**** Input for this task
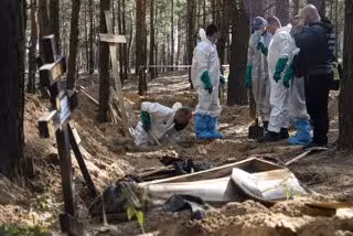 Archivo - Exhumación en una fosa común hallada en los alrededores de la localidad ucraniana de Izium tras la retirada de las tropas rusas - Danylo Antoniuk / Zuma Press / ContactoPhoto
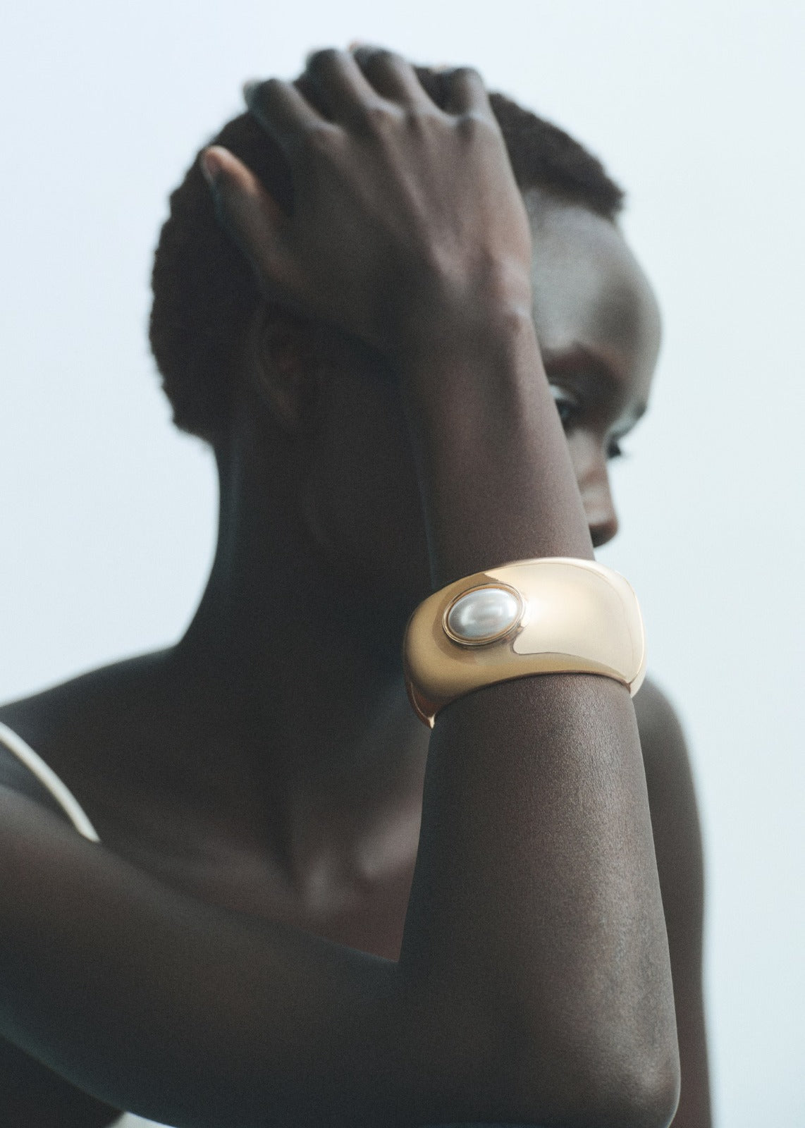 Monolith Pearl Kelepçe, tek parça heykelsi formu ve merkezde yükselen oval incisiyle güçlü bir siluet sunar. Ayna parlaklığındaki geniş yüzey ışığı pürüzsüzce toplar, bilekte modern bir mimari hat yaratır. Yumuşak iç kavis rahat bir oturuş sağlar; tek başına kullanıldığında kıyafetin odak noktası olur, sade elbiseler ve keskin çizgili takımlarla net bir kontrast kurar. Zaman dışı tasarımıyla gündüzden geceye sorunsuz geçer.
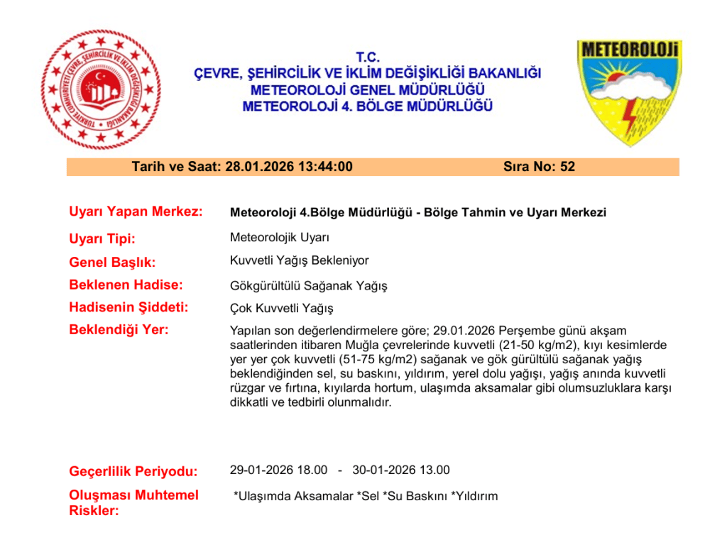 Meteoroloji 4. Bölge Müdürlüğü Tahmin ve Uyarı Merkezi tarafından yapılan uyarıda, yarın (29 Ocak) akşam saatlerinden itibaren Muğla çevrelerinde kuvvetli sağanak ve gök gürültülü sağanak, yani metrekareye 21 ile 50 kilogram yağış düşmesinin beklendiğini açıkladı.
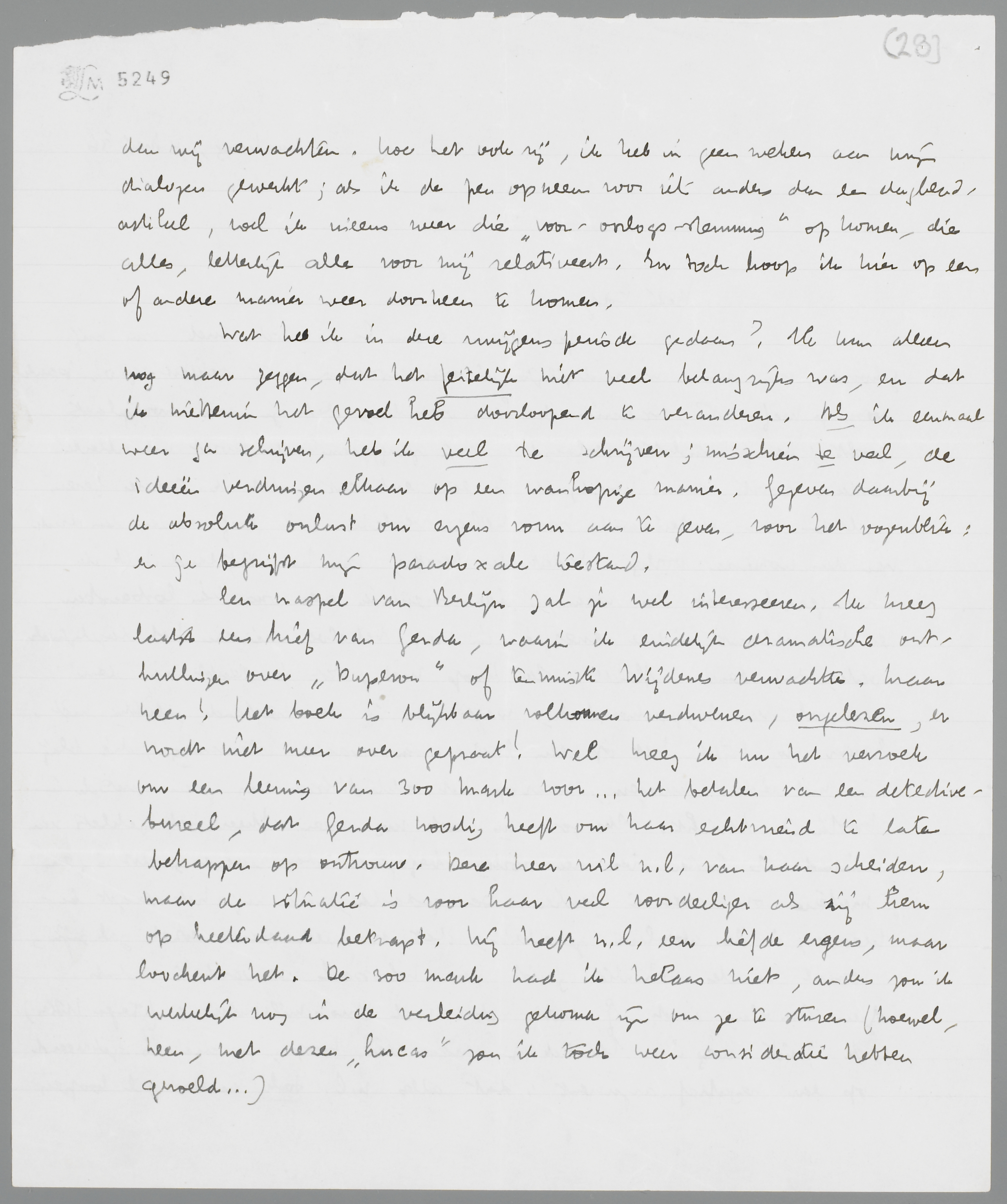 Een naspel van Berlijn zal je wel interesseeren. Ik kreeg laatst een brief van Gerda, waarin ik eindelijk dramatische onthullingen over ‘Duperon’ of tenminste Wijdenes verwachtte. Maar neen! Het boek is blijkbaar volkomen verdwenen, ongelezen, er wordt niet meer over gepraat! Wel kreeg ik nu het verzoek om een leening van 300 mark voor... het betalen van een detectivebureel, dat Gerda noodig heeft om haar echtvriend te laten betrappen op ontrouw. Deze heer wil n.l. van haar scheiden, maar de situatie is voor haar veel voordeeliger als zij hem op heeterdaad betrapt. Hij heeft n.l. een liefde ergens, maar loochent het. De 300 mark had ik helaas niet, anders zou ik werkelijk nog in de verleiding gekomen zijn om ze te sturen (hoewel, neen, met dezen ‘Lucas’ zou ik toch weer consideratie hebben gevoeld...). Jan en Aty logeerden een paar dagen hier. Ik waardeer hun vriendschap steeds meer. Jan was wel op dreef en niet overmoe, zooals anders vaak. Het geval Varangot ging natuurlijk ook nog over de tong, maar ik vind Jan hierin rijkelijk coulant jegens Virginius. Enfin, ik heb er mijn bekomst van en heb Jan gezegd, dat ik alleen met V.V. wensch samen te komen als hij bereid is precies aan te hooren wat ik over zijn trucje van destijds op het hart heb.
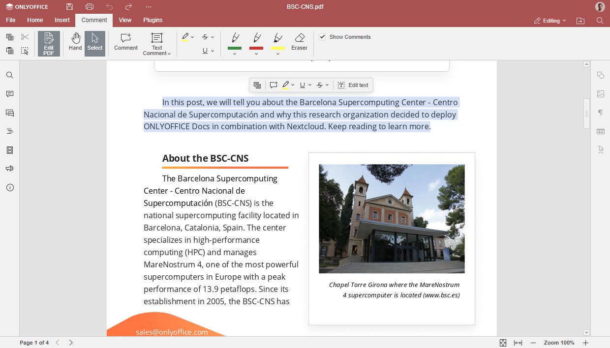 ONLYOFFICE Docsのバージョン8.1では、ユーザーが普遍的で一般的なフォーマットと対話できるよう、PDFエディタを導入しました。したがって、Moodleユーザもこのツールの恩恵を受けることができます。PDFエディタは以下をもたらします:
********
**** Input for this task
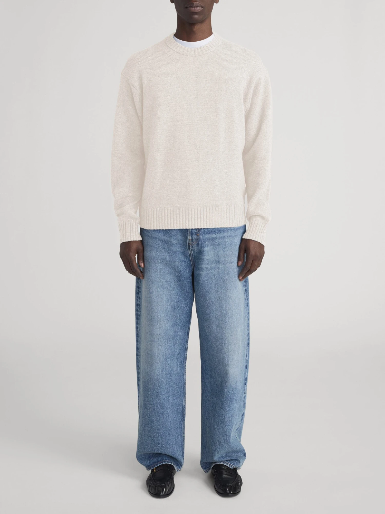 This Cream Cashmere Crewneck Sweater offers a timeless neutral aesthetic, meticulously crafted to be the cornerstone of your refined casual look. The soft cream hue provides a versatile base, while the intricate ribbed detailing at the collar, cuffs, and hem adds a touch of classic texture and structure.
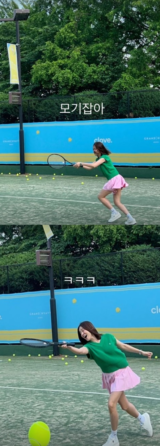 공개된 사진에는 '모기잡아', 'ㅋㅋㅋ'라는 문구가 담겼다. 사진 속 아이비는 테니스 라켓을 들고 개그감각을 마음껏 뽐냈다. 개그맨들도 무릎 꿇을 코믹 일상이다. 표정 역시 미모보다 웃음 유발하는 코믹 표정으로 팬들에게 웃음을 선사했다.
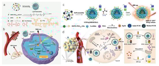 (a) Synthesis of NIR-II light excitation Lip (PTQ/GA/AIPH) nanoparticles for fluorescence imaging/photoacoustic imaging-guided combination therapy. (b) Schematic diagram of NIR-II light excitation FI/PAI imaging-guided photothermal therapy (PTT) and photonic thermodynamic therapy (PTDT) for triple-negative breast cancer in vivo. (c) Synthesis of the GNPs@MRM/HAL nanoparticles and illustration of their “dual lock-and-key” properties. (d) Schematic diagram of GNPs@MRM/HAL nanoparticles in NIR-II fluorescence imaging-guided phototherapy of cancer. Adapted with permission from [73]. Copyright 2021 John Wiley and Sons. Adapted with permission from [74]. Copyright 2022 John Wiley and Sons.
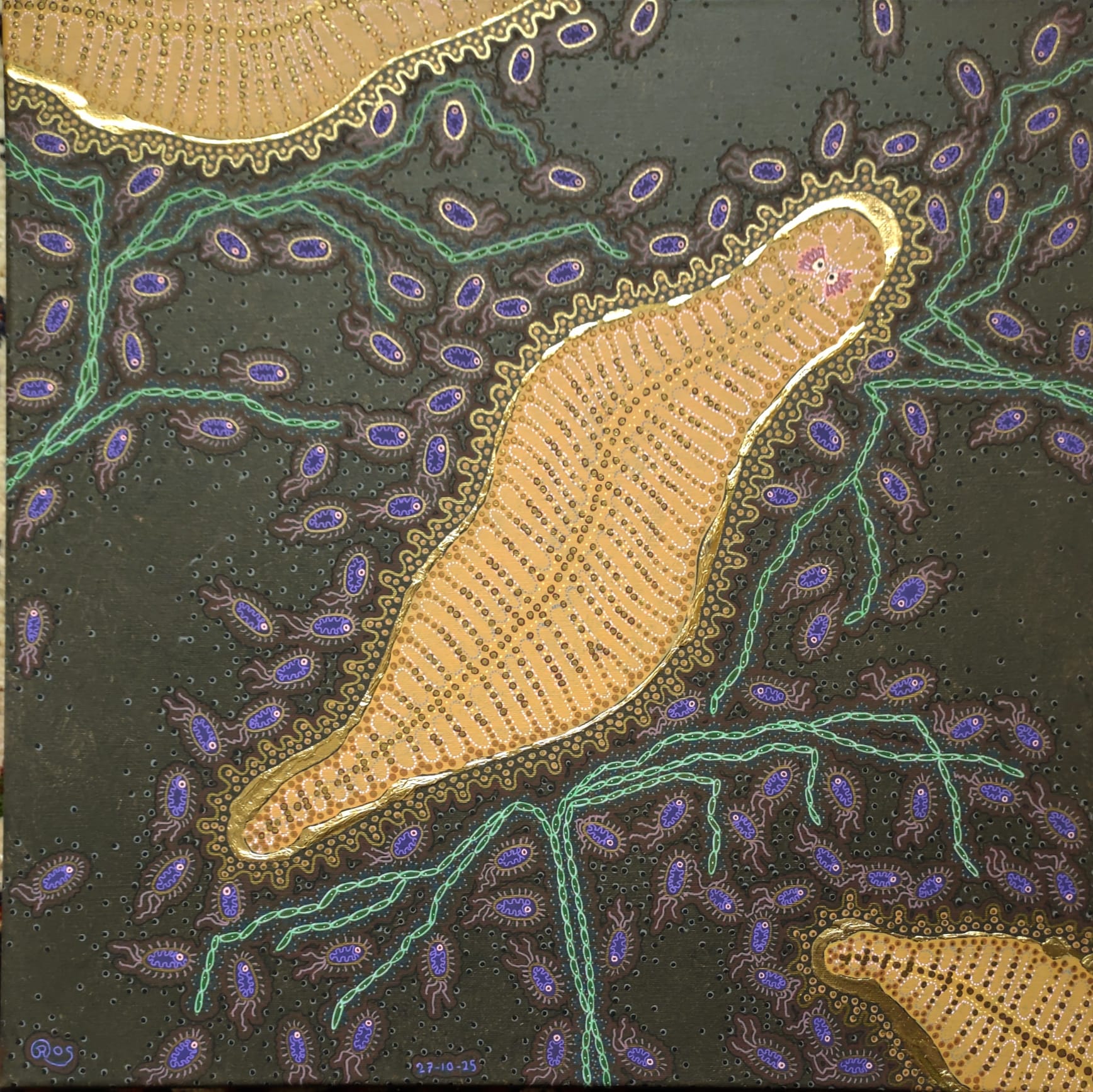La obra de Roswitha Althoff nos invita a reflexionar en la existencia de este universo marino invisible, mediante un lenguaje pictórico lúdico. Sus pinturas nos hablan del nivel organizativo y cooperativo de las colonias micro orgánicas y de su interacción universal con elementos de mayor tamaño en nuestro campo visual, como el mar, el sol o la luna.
********
**** Input for this task
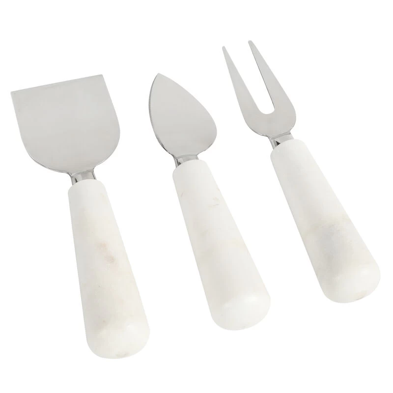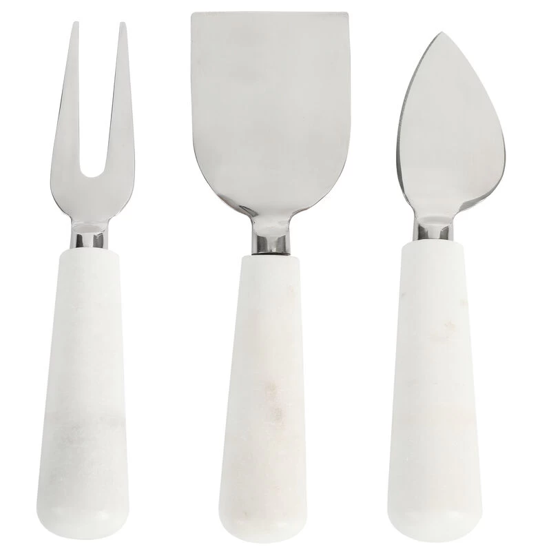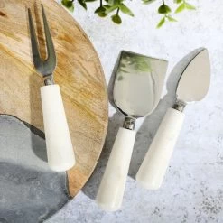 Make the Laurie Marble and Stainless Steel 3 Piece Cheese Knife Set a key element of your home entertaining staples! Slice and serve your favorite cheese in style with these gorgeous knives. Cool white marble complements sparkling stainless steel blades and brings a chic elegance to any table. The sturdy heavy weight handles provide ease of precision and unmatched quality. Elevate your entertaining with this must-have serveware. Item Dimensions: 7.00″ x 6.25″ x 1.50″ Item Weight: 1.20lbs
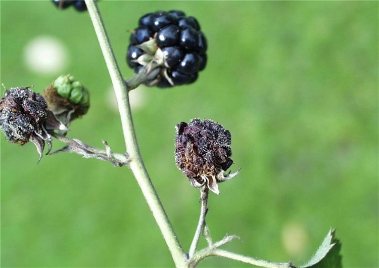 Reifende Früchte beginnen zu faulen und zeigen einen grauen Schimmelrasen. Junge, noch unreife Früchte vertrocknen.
********
> Task to carry out: The answer must be the part of the records that opens with the line containing "Archivo - Exhumación" and closes with the line containing "ONLYOFFICE Doc", reproduced exactly, with no pictures.

> Solved problem:
 Archivo - Exhumación en una fosa común hallada en los alrededores de la localidad ucraniana de Izium tras la retirada de las tropas rusas - Danylo Antoniuk / Zuma Press / ContactoPhoto
 Monolith Pearl Kelepçe, tek parça heykelsi formu ve merkezde yükselen oval incisiyle güçlü bir siluet sunar. Ayna parlaklığındaki geniş yüzey ışığı pürüzsüzce toplar, bilekte modern bir mimari hat yaratır. Yumuşak iç kavis rahat bir oturuş sağlar; tek başına kullanıldığında kıyafetin odak noktası olur, sade elbiseler ve keskin çizgili takımlarla net bir kontrast kurar. Zaman dışı tasarımıyla gündüzden geceye sorunsuz geçer.
 Meteoroloji 4. Bölge Müdürlüğü Tahmin ve Uyarı Merkezi tarafından yapılan uyarıda, yarın (29 Ocak) akşam saatlerinden itibaren Muğla çevrelerinde kuvvetli sağanak ve gök gürültülü sağanak, yani metrekareye 21 ile 50 kilogram yağış düşmesinin beklendiğini açıkladı.
 Een naspel van Berlijn zal je wel interesseeren. Ik kreeg laatst een brief van Gerda, waarin ik eindelijk dramatische onthullingen over ‘Duperon’ of tenminste Wijdenes verwachtte. Maar neen! Het boek is blijkbaar volkomen verdwenen, ongelezen, er wordt niet meer over gepraat! Wel kreeg ik nu het verzoek om een leening van 300 mark voor... het betalen van een detectivebureel, dat Gerda noodig heeft om haar echtvriend te laten betrappen op ontrouw. Deze heer wil n.l. van haar scheiden, maar de situatie is voor haar veel voordeeliger als zij hem op heeterdaad betrapt. Hij heeft n.l. een liefde ergens, maar loochent het. De 300 mark had ik helaas niet, anders zou ik werkelijk nog in de verleiding gekomen zijn om ze te sturen (hoewel, neen, met dezen ‘Lucas’ zou ik toch weer consideratie hebben gevoeld...). Jan en Aty logeerden een paar dagen hier. Ik waardeer hun vriendschap steeds meer. Jan was wel op dreef en niet overmoe, zooals anders vaak. Het geval Varangot ging natuurlijk ook nog over de tong, maar ik vind Jan hierin rijkelijk coulant jegens Virginius. Enfin, ik heb er mijn bekomst van en heb Jan gezegd, dat ik alleen met V.V. wensch samen te komen als hij bereid is precies aan te hooren wat ik over zijn trucje van destijds op het hart heb.
 ONLYOFFICE Docsのバージョン8.1では、ユーザーが普遍的で一般的なフォーマットと対話できるよう、PDFエディタを導入しました。したがって、Moodleユーザもこのツールの恩恵を受けることができます。PDFエディタは以下をもたらします:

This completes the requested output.